Ericson fluctuations constitute one of the most characteristic features of quantum chaotic scattering in the regime of strongly overlapping resonances such as a compound nucleus. These fluctuations were predicted in 1960 by Torleif Ericson in two seminal articles, further developed in 1963, based on the same statistical assumptions as those used by E. Wigner, C. E. Porter and R. G. Thomas to describe generic properties of resonances in long-lived compound nuclear systems. In the present case the fluctuations occur in the "continuum" regime for which a large number of such resonances overlap coherently, owing to the short lifetime of the compound nucleus. At the time it was believed that this would lead to a structure-less behavior. Ericson realized that the opposite was the case with strong, random fluctuations.

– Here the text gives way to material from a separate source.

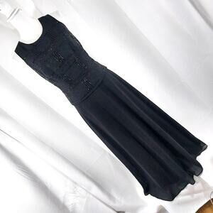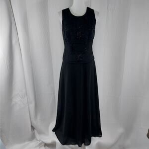 KAREN MILLER, NEW YORK! BLACK BEADED, EMBROIDERED 2 PC LOOK MAXI DRESS! SZ 6P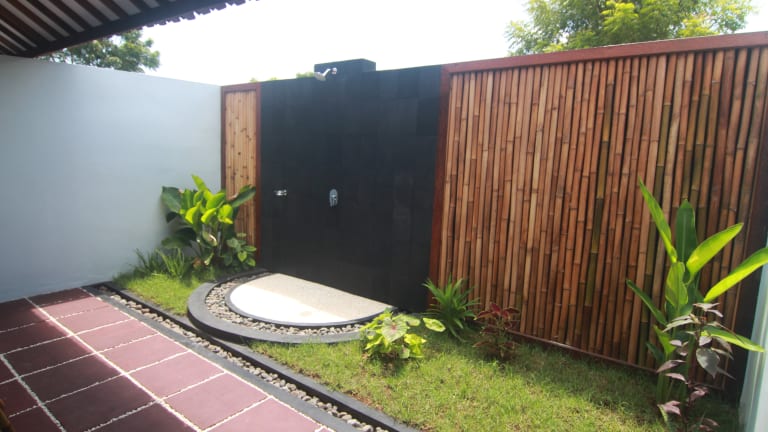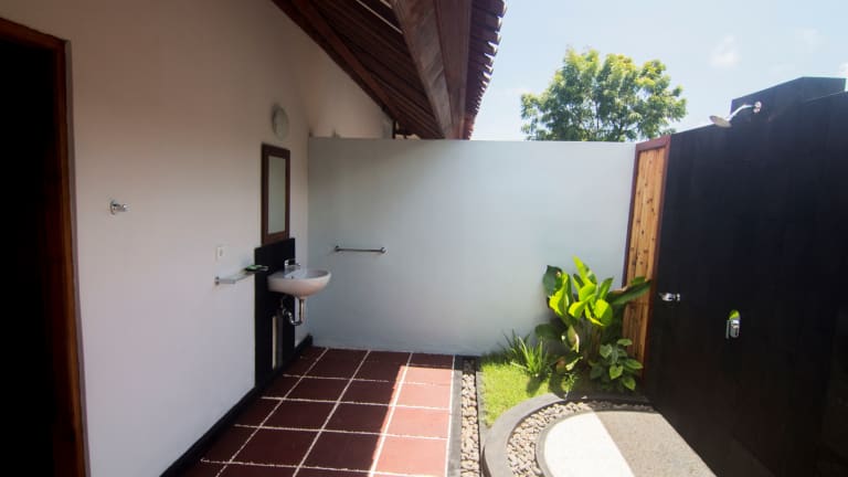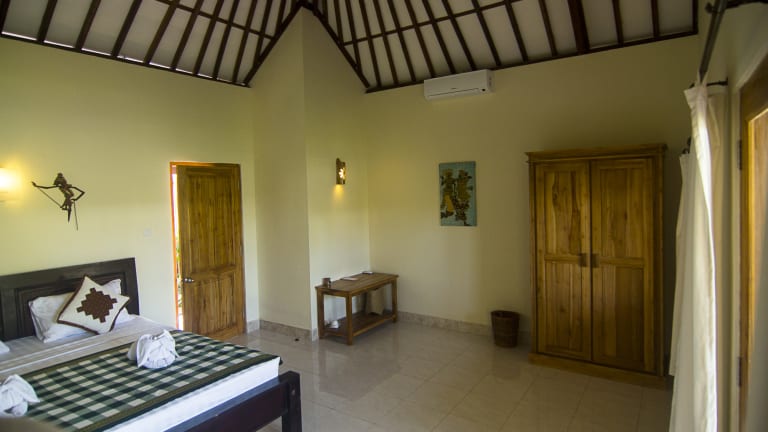 Unsere 4 zimmer sind gross (uber 50m2 inkl. Bad und Terasse) , mit bequeme Betten, aircon, naturlich heissem Wasser in der Dusche, und Aircon. Jeder hat eine kleine Garten vor den Terasse, and der Badezimmer steht teils nicht unterdach - aber nur der Dusche, der unter freiem Himmel ist, in eine kleine Garten. Eine schones gefuehl! Obst und trink-Wasser gibts in den Zimmer taeglich, und eine guten Fruestueck ist der preise imbegriff.

The Ericson fluctuations were first observed in 1964 by P. Von Brentano et al. in nuclear physics giving rise to a vigorous theoretical and experimental programme. They have the curious feature of being both reproducible and random at the same time. The fluctuations are universal and have later been observed in many other areas such as photoionization of hydrogen, uni-molecular dissociation (physical chemistry), perturbed atomic and molecular systems and micro wave billiards.

Present theoretical descriptions of chaotic quantum scattering confirm the predicted properties of the Ericson fluctuations. The universality of the Ericson fluctuations are thus very well established.